JCDR - Register at Journal of Clinical and Diagnostic Research
Journal of Clinical and Diagnostic Research, ISSN - 0973 - 709X
Nutrition Section DOI : 10.7860/JCDR/2015/11867.5728
Year : 2015 | Month : Mar | Volume : 9 | Issue : 3 Full Version Page : KC01 - KC04

A Randomized Double-blind Controlled Trial of Lactobacillus acidophilus Plus Bifidobacterium bifidum versus Placebo in Patients with Hypercholesterolemia

Sanguansak Rerksuppaphol1, Lakkana Rerksuppaphol2

1Faculty, Department of Paediatrics, Faculty of Medicine, Srinakharinwirot University, Thailand.
2Faculty, Department of Preventive Medicine, Faculty of Medicine, Srinakharinwirot University, Thailand.
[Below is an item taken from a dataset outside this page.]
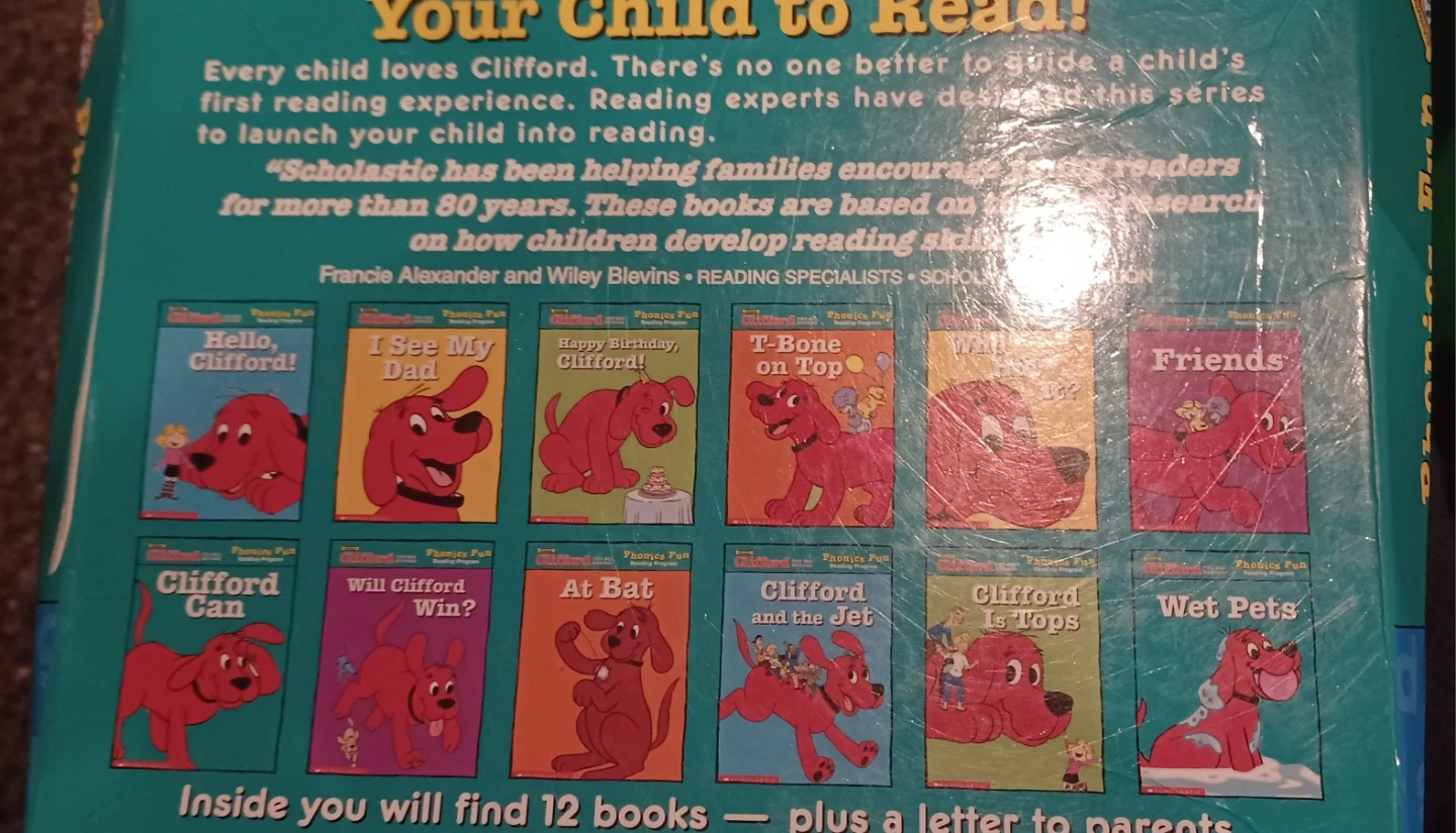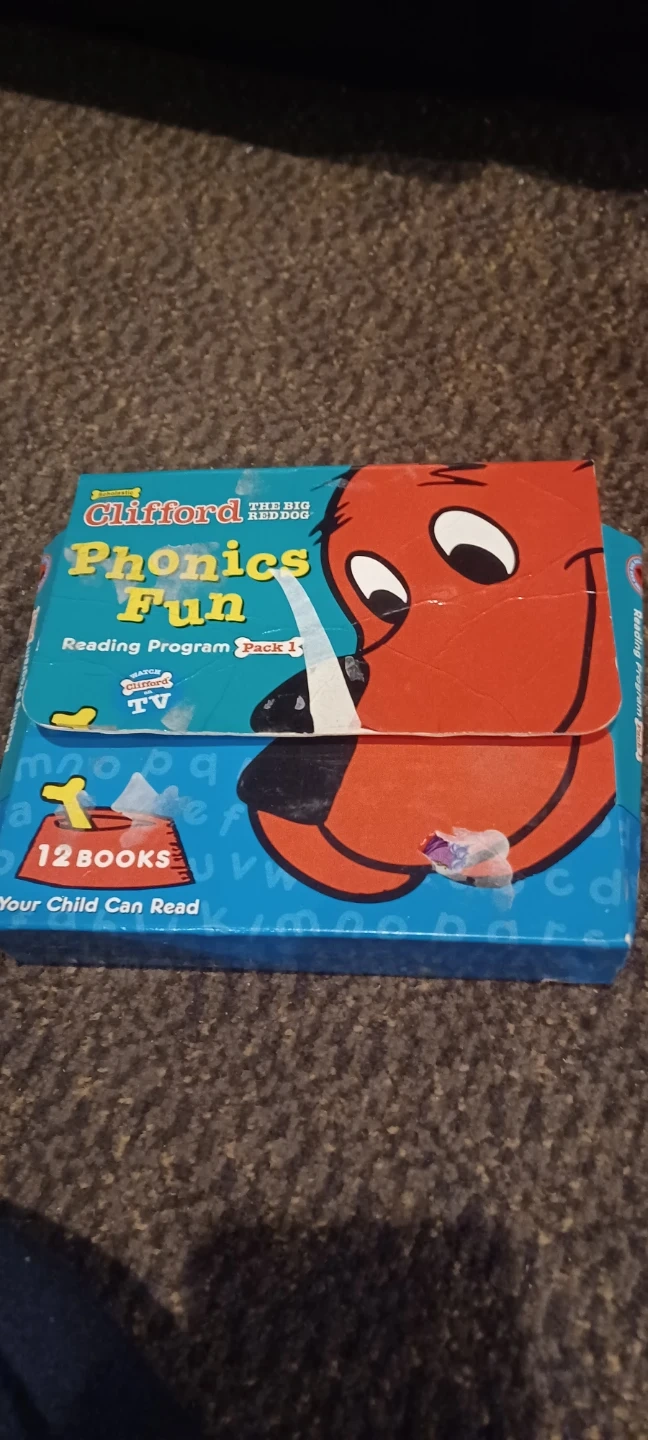 Bring the joy of reading to your child with this Clifford the Big Red Dog Phonics Fun reading program. This set includes 12 books perfect for young learners. Please note that the set is in used condition, with a few cosmetic blemishes to the outer box; however, the books inside are in great shape and ready to inspire a love for phonics! It is still useable and in good shape.

NAME, ADDRESS, E-MAIL ID OF THE CORRESPONDING AUTHOR: Dr. Sanguansak Rerksuppaphol, Faculty, Department of Paediatrics, Faculty of Medicine, Srinakhariwirot University, Nakorn Nayok-26120, Thailand.
E-mail: sanguansak_r@hotmail.com
Abstract

Background: Hypercholesterolemia is a major risk factor for cardiovascular disease. Not all patients respond well to traditional cholesterol lowering medications. Probiotics have been evaluated for their cholesterol-lowering effects in humans with variable results. This study was performed to evaluate the efficacy of two probiotics in lowering the serum cholesterol of hypercholesterolemic patients.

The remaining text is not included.